> _Data records_
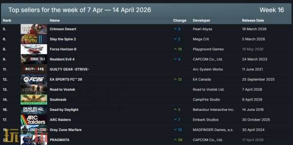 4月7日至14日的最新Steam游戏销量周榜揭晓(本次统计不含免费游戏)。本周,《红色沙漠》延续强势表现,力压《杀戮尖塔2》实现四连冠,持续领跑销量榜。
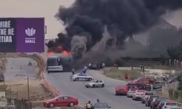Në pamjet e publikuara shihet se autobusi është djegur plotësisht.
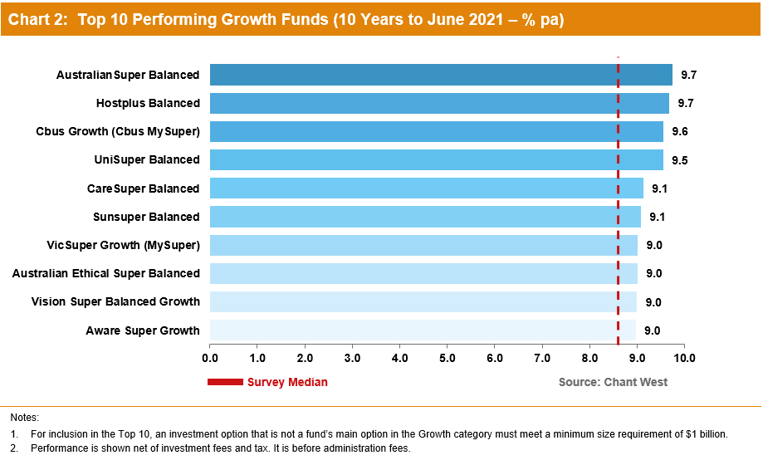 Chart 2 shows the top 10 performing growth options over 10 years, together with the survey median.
---
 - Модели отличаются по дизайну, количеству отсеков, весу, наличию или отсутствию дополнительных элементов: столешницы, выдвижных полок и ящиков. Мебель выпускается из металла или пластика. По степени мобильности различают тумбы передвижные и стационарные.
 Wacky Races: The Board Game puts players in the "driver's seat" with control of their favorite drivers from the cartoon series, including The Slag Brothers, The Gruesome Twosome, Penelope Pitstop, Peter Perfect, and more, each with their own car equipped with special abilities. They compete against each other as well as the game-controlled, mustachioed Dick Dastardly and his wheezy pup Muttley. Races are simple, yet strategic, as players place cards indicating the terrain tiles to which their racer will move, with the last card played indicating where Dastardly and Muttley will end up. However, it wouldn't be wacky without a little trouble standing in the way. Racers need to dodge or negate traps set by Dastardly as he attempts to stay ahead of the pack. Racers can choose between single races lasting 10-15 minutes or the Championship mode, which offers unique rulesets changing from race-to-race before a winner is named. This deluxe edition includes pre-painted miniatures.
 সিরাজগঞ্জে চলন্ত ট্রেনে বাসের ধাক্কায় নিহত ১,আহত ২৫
---
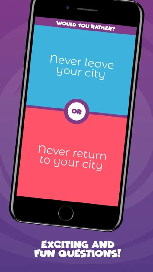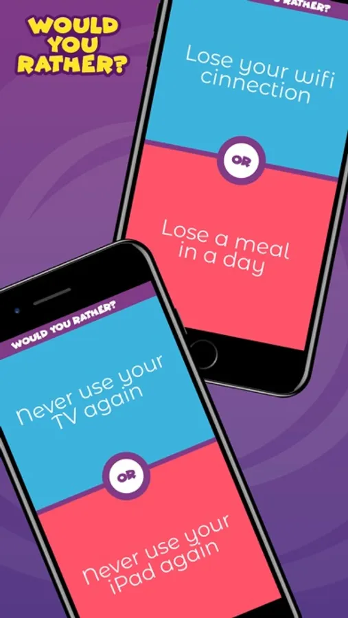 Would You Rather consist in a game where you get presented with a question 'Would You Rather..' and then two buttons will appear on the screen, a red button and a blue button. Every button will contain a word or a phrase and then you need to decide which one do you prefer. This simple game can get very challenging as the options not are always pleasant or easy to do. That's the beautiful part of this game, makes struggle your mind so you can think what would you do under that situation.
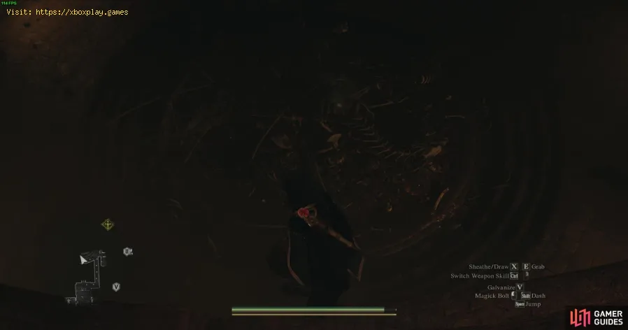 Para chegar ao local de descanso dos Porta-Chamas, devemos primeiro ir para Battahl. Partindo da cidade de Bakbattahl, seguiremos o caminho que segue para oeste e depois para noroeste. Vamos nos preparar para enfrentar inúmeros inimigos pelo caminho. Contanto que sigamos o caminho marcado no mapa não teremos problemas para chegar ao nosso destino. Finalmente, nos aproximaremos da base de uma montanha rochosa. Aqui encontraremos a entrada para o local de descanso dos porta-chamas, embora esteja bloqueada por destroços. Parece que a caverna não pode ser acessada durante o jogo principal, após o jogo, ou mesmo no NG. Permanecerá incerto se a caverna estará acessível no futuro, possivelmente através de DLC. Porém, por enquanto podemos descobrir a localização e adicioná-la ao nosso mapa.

> _What to do_
Although the records hold pictures, the copy must not; give again exactly the lines from the one with "4月7日至14日的最新Ste" through the one with "Chart 2 shows".

> _Result of this task_
 4月7日至14日的最新Steam游戏销量周榜揭晓(本次统计不含免费游戏)。本周,《红色沙漠》延续强势表现,力压《杀戮尖塔2》实现四连冠,持续领跑销量榜。
Në pamjet e publikuara shihet se autobusi është djegur plotësisht.
 Chart 2 shows the top 10 performing growth options over 10 years, together with the survey median.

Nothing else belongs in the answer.